Material shown |

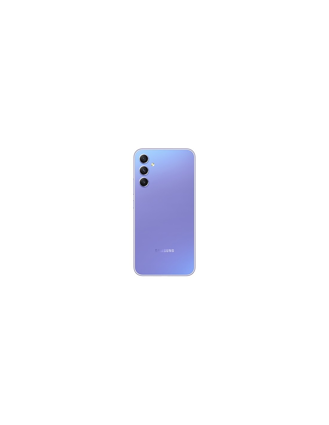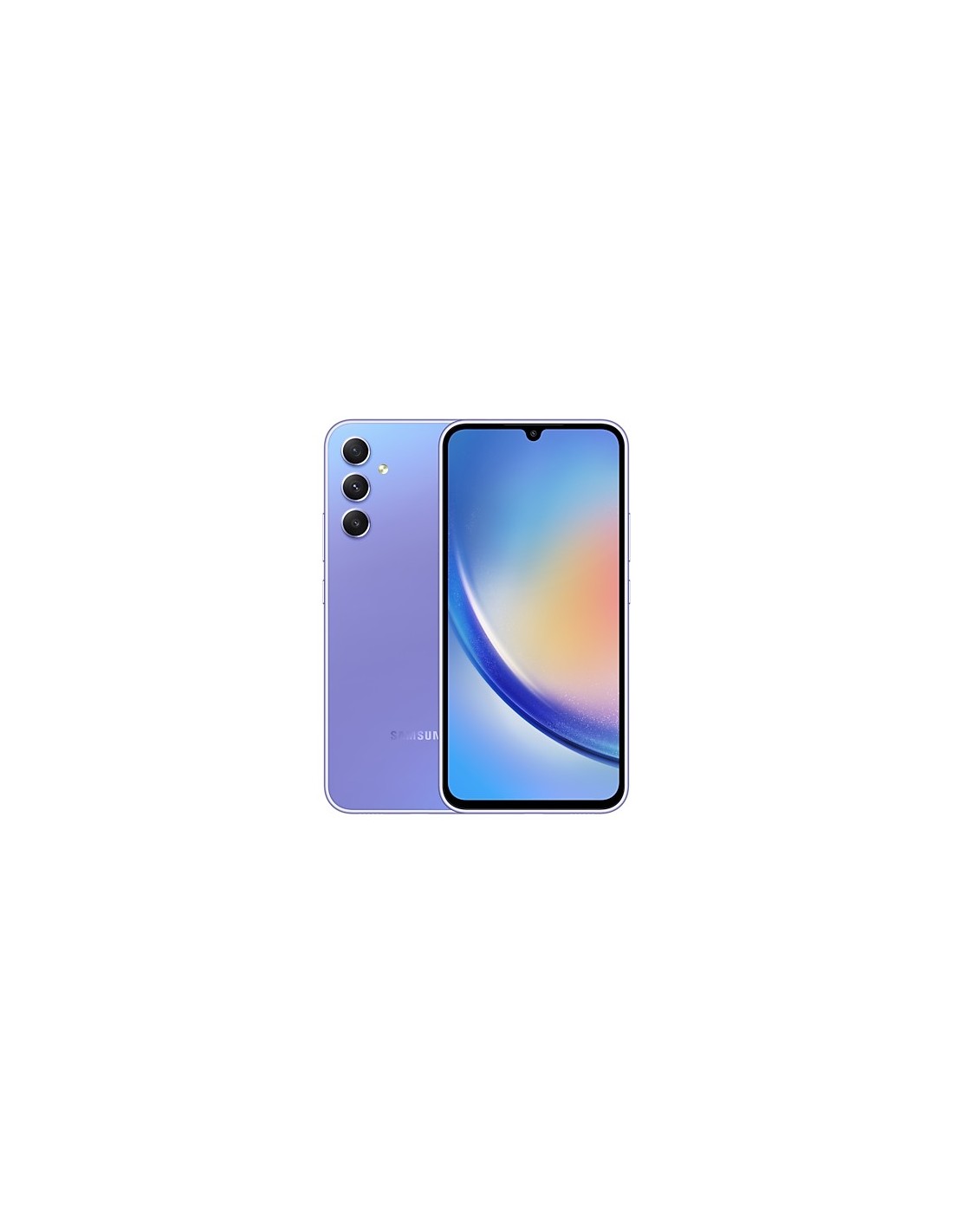 Samsung Galaxy A34 5G . Diagonal de la pantalla: 16,8 cm (6.6"), Resolución de la pantalla: 1080 x 2340 Pixeles. Frecuencia del procesador: 2 GHz, Familia de procesador: MediaTek, Modelo del procesador: Dimensity 1080. Capacidad de RAM: 6 GB, Capacidad de almacenamiento interno: 128 GB. Resolución de la cámara trasera (numérica): 48 MP, Tipo de cámara trasera: Triple cámara. Capacidad de la tarjeta SIM: Ranura híbrida Dual SIM. Capacidad de batería: 5000 mAh. Color del producto: Violeta. Peso: 199 g
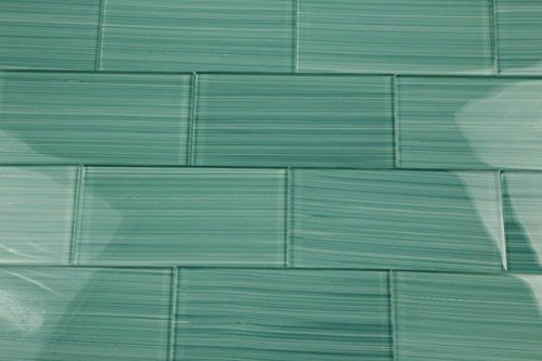 Medium Lauderdale Teal Glass Tile, hand painted and custom made perfect for bathrooms and kitchens, Sample
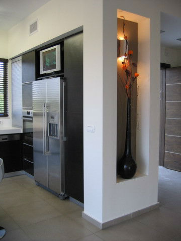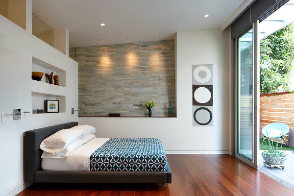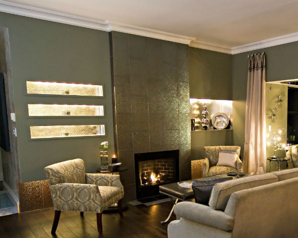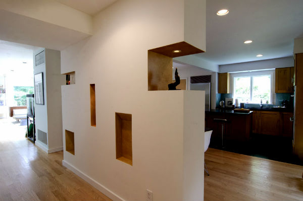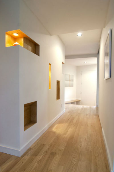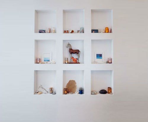 ► Несколько ассиметрично расположенных ниш на одной стене привнесут в интерьер долю динамики и современного превосходства. К примеру, одна ниша прямоугольной формы будет расположена в центре стене, четыре других разных размеров по краям от нее.
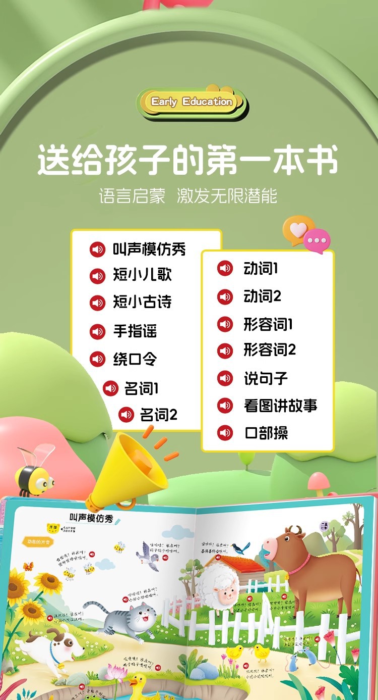 아기가 말하는 법을 배우고 언어 계몽 어린이 0-3세 조기 교육 독서 오디오 북 말하는 오디오 북 장난감스토어 가기
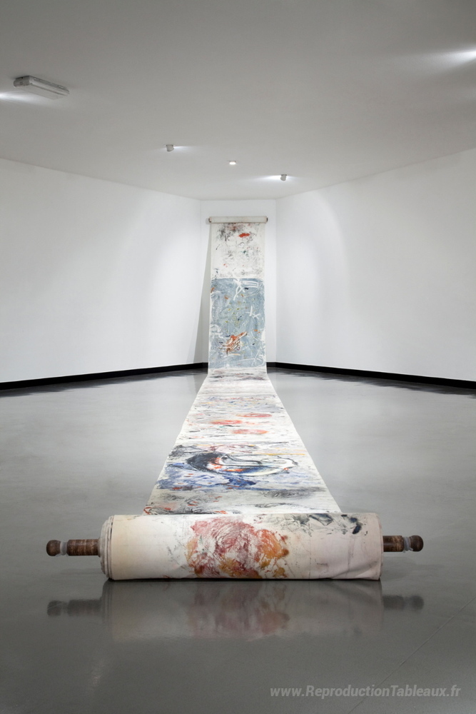 Nous vous proposons une reproduction artisanale sur toile du célèbre tableau 'Peinture industrielle' de Giuseppe Pinot-Gallizio, provenant du Musée de la Reproduction.
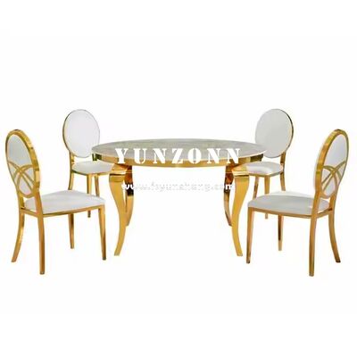 | Product Name: | Luxury Modern Stainless Steel Dining Table with Glass Top for Outdoor Wedding Hotel Party Banquet round Design | ||
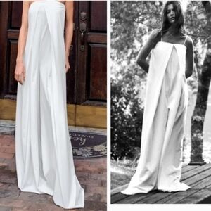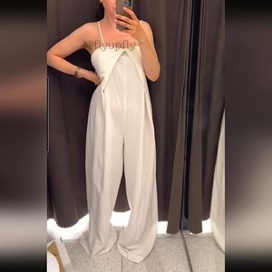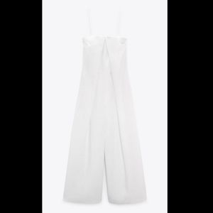 ZARA STRAPLESS LINEN BLEND JUMPSUIT WHITE
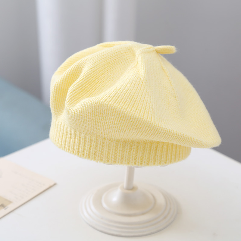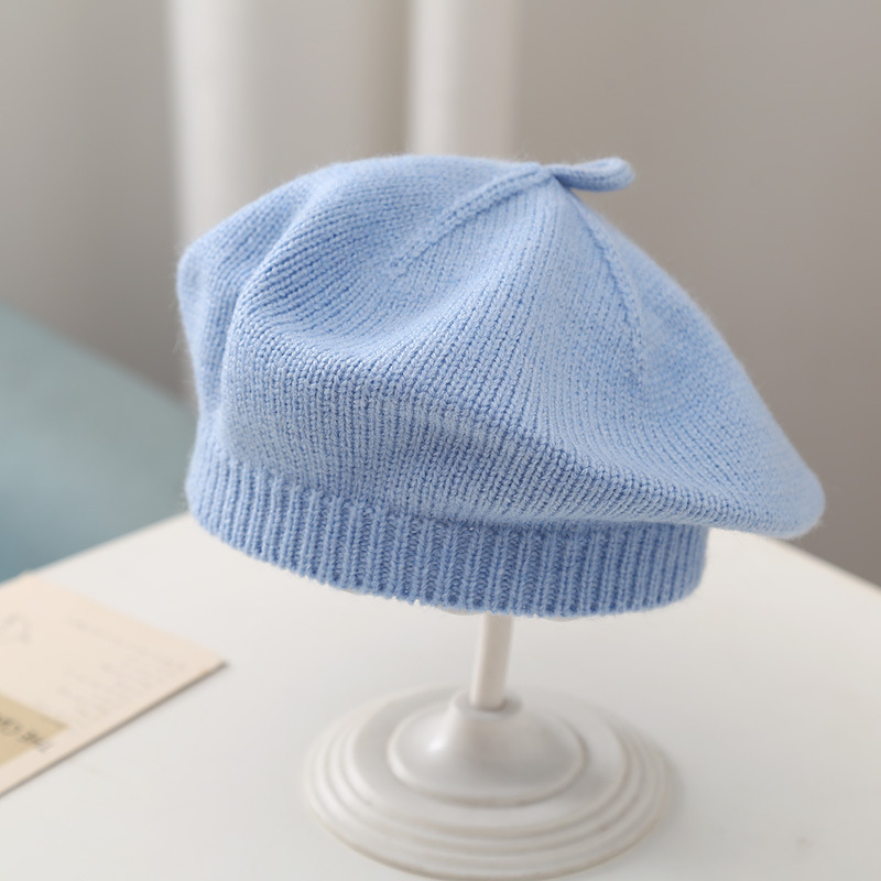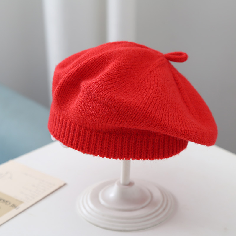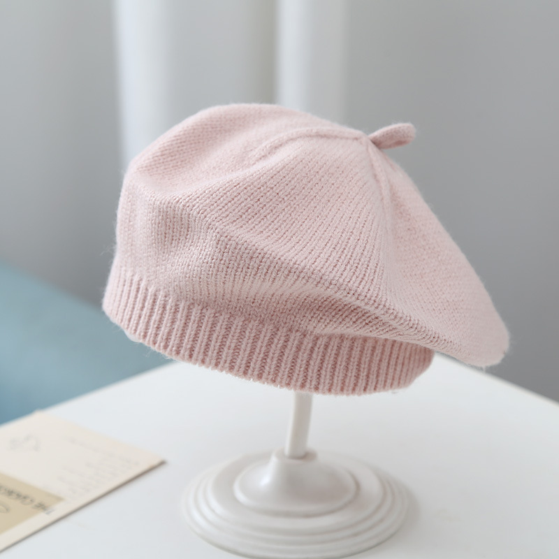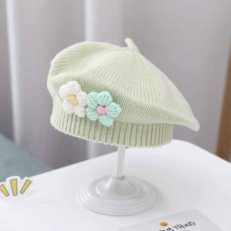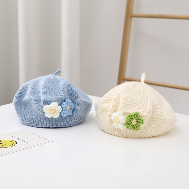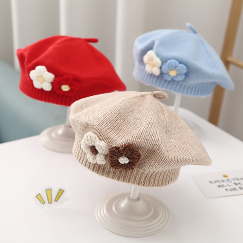 女宝宝帽子秋冬季婴儿针织贝雷帽可爱小花女童画家帽儿童毛线帽潮

Task statement | Verbatim copy, images excluded: transcribe all the entries above.

Expected answer |
 Samsung Galaxy A34 5G . Diagonal de la pantalla: 16,8 cm (6.6"), Resolución de la pantalla: 1080 x 2340 Pixeles. Frecuencia del procesador: 2 GHz, Familia de procesador: MediaTek, Modelo del procesador: Dimensity 1080. Capacidad de RAM: 6 GB, Capacidad de almacenamiento interno: 128 GB. Resolución de la cámara trasera (numérica): 48 MP, Tipo de cámara trasera: Triple cámara. Capacidad de la tarjeta SIM: Ranura híbrida Dual SIM. Capacidad de batería: 5000 mAh. Color del producto: Violeta. Peso: 199 g
 Medium Lauderdale Teal Glass Tile, hand painted and custom made perfect for bathrooms and kitchens, Sample
 ► Несколько ассиметрично расположенных ниш на одной стене привнесут в интерьер долю динамики и современного превосходства. К примеру, одна ниша прямоугольной формы будет расположена в центре стене, четыре других разных размеров по краям от нее.
 아기가 말하는 법을 배우고 언어 계몽 어린이 0-3세 조기 교육 독서 오디오 북 말하는 오디오 북 장난감스토어 가기
 Nous vous proposons une reproduction artisanale sur toile du célèbre tableau 'Peinture industrielle' de Giuseppe Pinot-Gallizio, provenant du Musée de la Reproduction.
 | Product Name: | Luxury Modern Stainless Steel Dining Table with Glass Top for Outdoor Wedding Hotel Party Banquet round Design | ||
 ZARA STRAPLESS LINEN BLEND JUMPSUIT WHITE
 女宝宝帽子秋冬季婴儿针织贝雷帽可爱小花女童画家帽儿童毛线帽潮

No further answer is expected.